If you are driving through Holmes County, you’ll notice this by the odd punchy speed they have when the rider is not pedaling, or seemingly not pedaling hard enough, to go as fast as they are going. It is noticeable particularly when going up hills.
I visited an Amish shop selling them and learned more about them. I’ll share more on that in an upcoming post. As you might guess, they have come with some controversy both from a standpoint of regulation (see this recent article for a discussion of the difference between e-bikes and mopeds) and general acceptance by the Amish.
You can buy a dedicated e-bike from a maker specializing in them, which has everything built-in. Or you can purchase a conversion kit and attach it to a regular bike, which is what you see above.
2. Which Amish girls wear this style of head covering?
Answer: I would’ve been surprised if someone knew this one, as it comes from a fairly obscure though noteworthy community. This is from Milverton, Ontario, one of the oldest Amish settlements, which has its own specific customs different from other Amish. Terry Berger came the closest.
I took this photo at the Amish and Mennonite Heritage Center in Berlin, OH, which Laura F correctly noted. They have quite a few example prayer coverings on display there. To the untrained eye, it can be hard to tell the differences between Amish women’s coverings, but there are differences. I’ll share some more examples from the exhibit in a later post.
3. Where did I take this photo?
Answer: Some people thought this was from the Pennsylvania settlements of Big Valley or New Wilmington (kudos to Don for catching one less obvious detail), both of which have buggies bearing a resemblance to this one.
However this is actually from Enon Valley, PA, located not far from the New Wilmington community (nice job, Jason). It is a 94-year-old settlement which is just one church district in size.
You can see the color difference between the above, and the brighter yellow of the Big Valley buggy below:
I know my first photo is a bit on the dark side, but hopefully the difference is clear. I believe Enon Valley is the only place you’ll see the pale/muddy yellow-colored top. Stay tuned for more.
4. What kind of pies are these? I drove my friend’s mother to her daughter’s place, where they baked 39 of them. Any guess why so many? I got one as thank-you for my taxi services.
Answer: So the story here is that my friend’s mother’s daughter was having church at her place on the coming Sunday, and mom went down a couple days beforehand to help bake snitz pies, which is the traditional pie served at the church meal in Lancaster County. Snitz is a simple pie made from dried apples, and is delicious.
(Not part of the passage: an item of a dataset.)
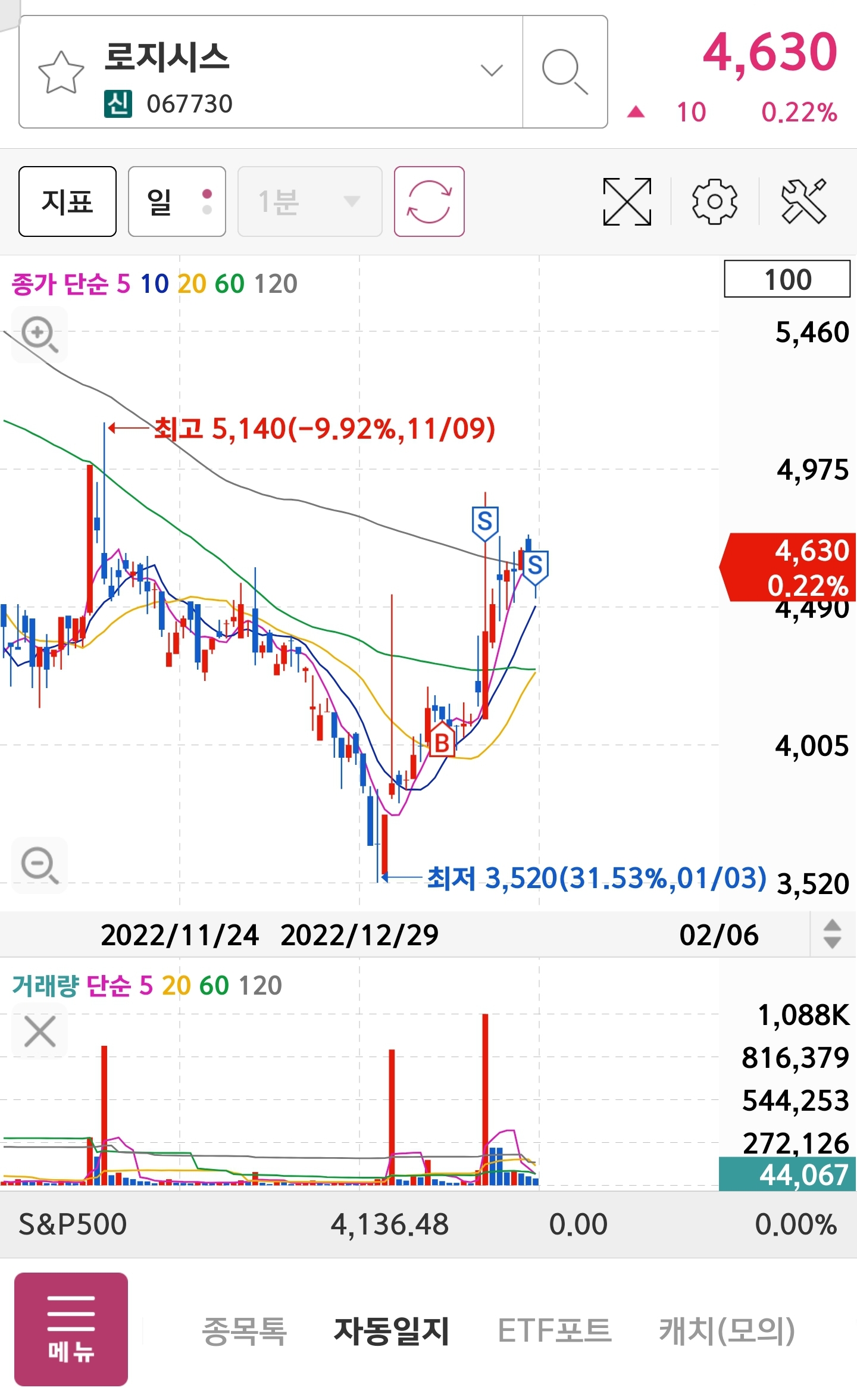 3번 계좌에 있던 로지시스 종목 장중 5일선을 이탈 하길래 바로 남은 물량 전량 매도 하여 11% 익절 하였습니다.

Those of you with a sharp eye noticed that the pie in the center differs from the others. That is a regular apple pie. They put the slit in the center to distinguish them. Or as I put it on learning this, “if the pies have slits, they’re not snitz”. I believe my Amish friends’ laughter at the time was genuine, but not sure I deserved it 🙂
5. Why is this rainbow-colored bus parked outside an Amish home? (I’ve blotted out the one give-away detail)
Answer: As several of you (Kim, Al, Jerry, Jason) correctly pointed out, this is a bookmobile. As Charles Hurst and David McConnell tell us in An Amish Paradox, “The Holmes County Public Library’s bookmobile with an annual circulation of nearly two hundred thousand volumes (predominantly to Amish families), is one of the most active in the nation” (p. 166). This is the bookmobile from neighboring Wayne County, also heavily populated by Amish.